Il Bilancio RaVda 2024/26
(©RaVdA) -
La presentazione del Bilancio RaVdA per il 2024/26 alle parti sociali e datoriali
La Giunta della Regione autonoma Valle d’Aosta, nel pomeriggio di lunedì 6 novembre 2023, ha illustrato alle associazioni di categoria e alle organizzazioni sindacali i contenuti della legge di stabilità per il triennio 2024/26, il bilancio programmatico e il Programma regionale dei lavori pubblici e dei servizi di architettura e ingegneria.
Il documento finanziario pareggia in 1,819 miliardi di euro per l’anno 2024, 1,687 per l’anno 2025 e 1,594 per l’anno 2026. La di crescita delle entrate ha permesso di finanziare tutto l’incremento delle spese obbligatorie garantendo l’equilibrio tendenziale del bilancio e al contempo adottare alcune iniziative nuove, coerenti con il DEFR 2024/26.
Complessivamente, l’incidenza della spesa corrente programmata rispetto alla spesa di investimento si presenta in miglioramento: con una riduzione dal 78,58% al 76,97% rispetto all’anno precedente.

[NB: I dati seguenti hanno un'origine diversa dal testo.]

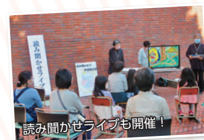
読み聞かせライブも開催!
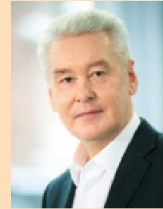
Мэр Москвы Сергей Собянин
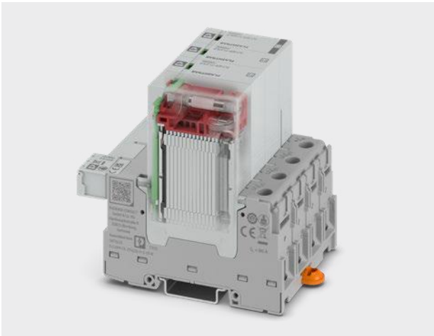
강화된 Type 1 SPD 요구사항에 부합하는 차세대 멀티-극 스파크 갭 기술

기존 EN/IEC 61643 표준에서는 스파크 갭 기반 타입 1 SPD의 후속 전류(line follow current) 억제 능력을 규정된 최대 낙뢰 전류 진폭( I_{IMP} ) 조건에서만 입증하면 충분했다.
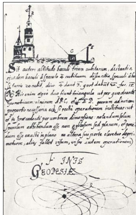
Komenského pojednání o geodézii.

z většinové evangelické církve, tedy mladí novoutrakvisté. Pro bratrské školy bylo typické, že členové Jednoty z řad šlechty, jakými byli například moravští Žerotínové, nezištně
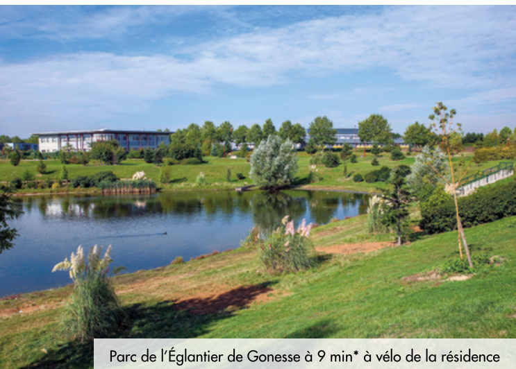
Parc de l'Églantier de Gonesse à 9 min* à vélo de la résidence
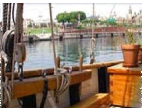
vista sobre o mar

Le spese correnti previste, al netto del contributo al risanamento della finanza pubblica nazionale di 82,8 milioni, si attestano a 1,25 miliardi di euro, mentre gli investimenti (pari a circa il 23% della spesa totale) superano i 374 milioni di euro nell’anno 2024, in crescita rispetto all’anno precedente.
Quanto alla distribuzione complessiva della spesa, al primo posto figura la tutela della salute, cui è destinato il 25,3% delle risorse, e l’istruzione e diritto allo studio (12,5%), che insieme rappresentano il 37,8% degli stanziamenti complessivi.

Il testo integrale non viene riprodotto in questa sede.